A data product API should not be a fancy tunnel into one warehouse. It should be a governed interface over data that the organization still controls.

The practical problem

Data product teams increasingly need APIs that answer domain-specific questions, not just raw SQL endpoints. They want controlled filters, predictable schemas, policy-aware responses, and enough performance for product use.

Apache DataFusion is interesting here because it is an embeddable query engine built around Arrow concepts. It can sit inside a service that exposes governed data product APIs while leaving the storage and table contracts open.

Core idea: DataFusion is most valuable when the API owns the product contract and the open data layer owns the portability contract.

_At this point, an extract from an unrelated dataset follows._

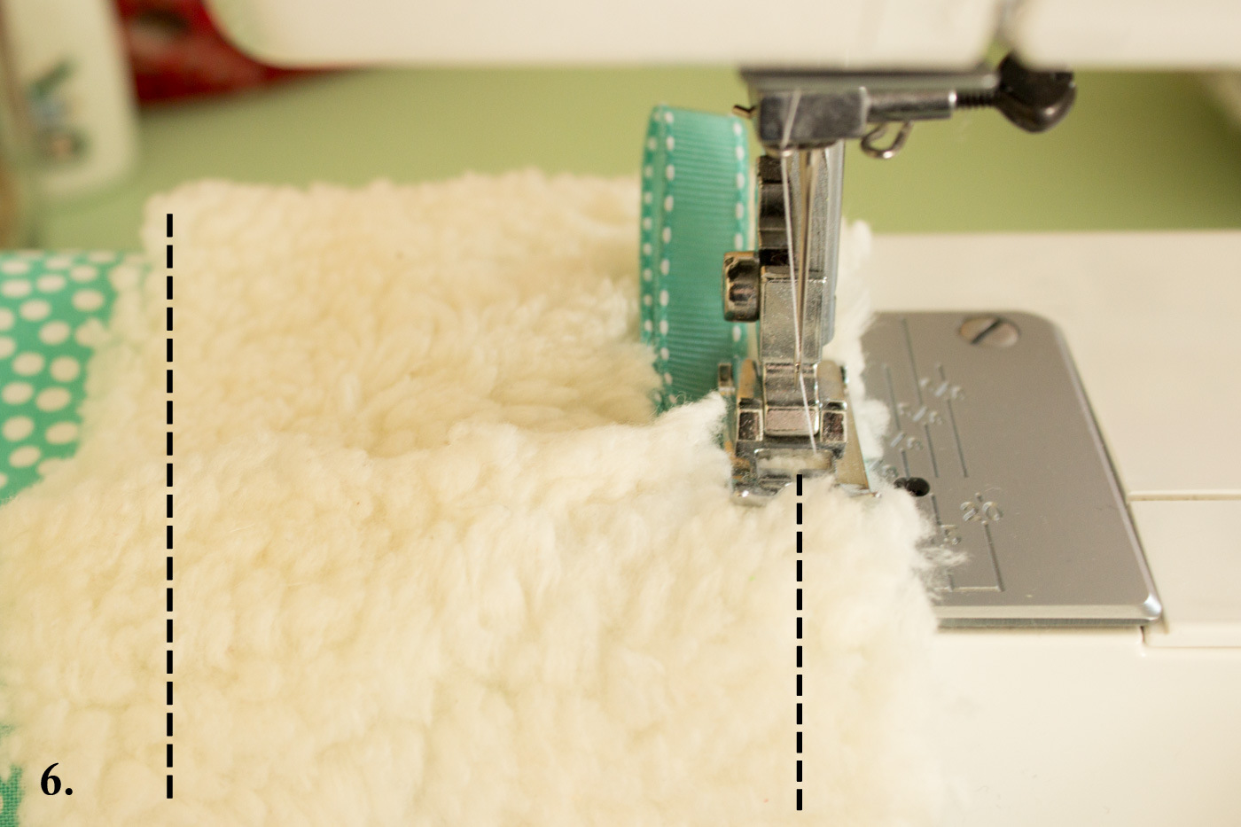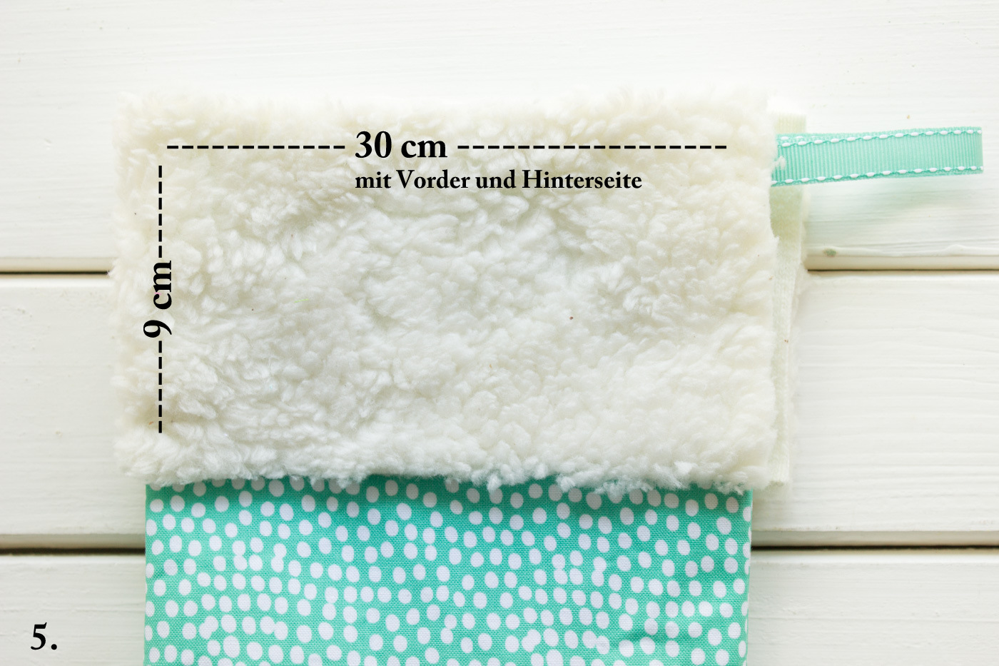 Schritt 6: Jetzt könnt Ihr das Stück Kuschelfell am Stoffstiefel festnähen. Den Anfang und das Ende habe ich per Hand mit ein paar Stichen zusammen genäht.

The architecture that works

The API should expose product operations, not arbitrary infrastructure. A customer risk API, inventory availability API, or revenue quality API can compile approved requests into DataFusion query plans over open files, tables, or registered data sources.

Policy should wrap the request before query execution. The service should know the caller, the purpose, the allowed domain, and the approved fields. DataFusion can execute the query. It should not be asked to become the entire governance brain.

Lineage should be captured at the API boundary and the execution boundary. The team needs to know which data product version served the response, which source tables contributed, which policy applied, and which downstream system consumed the result.

What breaks first

  • The API exposes raw SQL and accidentally recreates a shadow warehouse.
  • Policy is implemented only in application code and never reaches catalog, lineage, or audit systems.
  • Performance tuning pushes teams toward private caches with undocumented semantics.
  • Data product owners change schemas without versioning the API contract.

Questions to ask

Use these questions when DataFusion sits behind a data product API.

  • Which API operations are allowed, and which data fields can each operation reach?
  • Which open table or file contracts supply the data?
  • Where are policy decisions evaluated and logged?
  • Can another engine read the same source data without changing the product contract?
  • Can a consumer trace an API response back to source tables and product version?

For adjacent patterns, read Table Formats, Catalogs, and Query Engines, Query Engines in ODI, and Agentic Data Product Design.

Sources to start with

DataFusion can be the execution engine. The architecture still has to define the product, policy, and lineage contracts.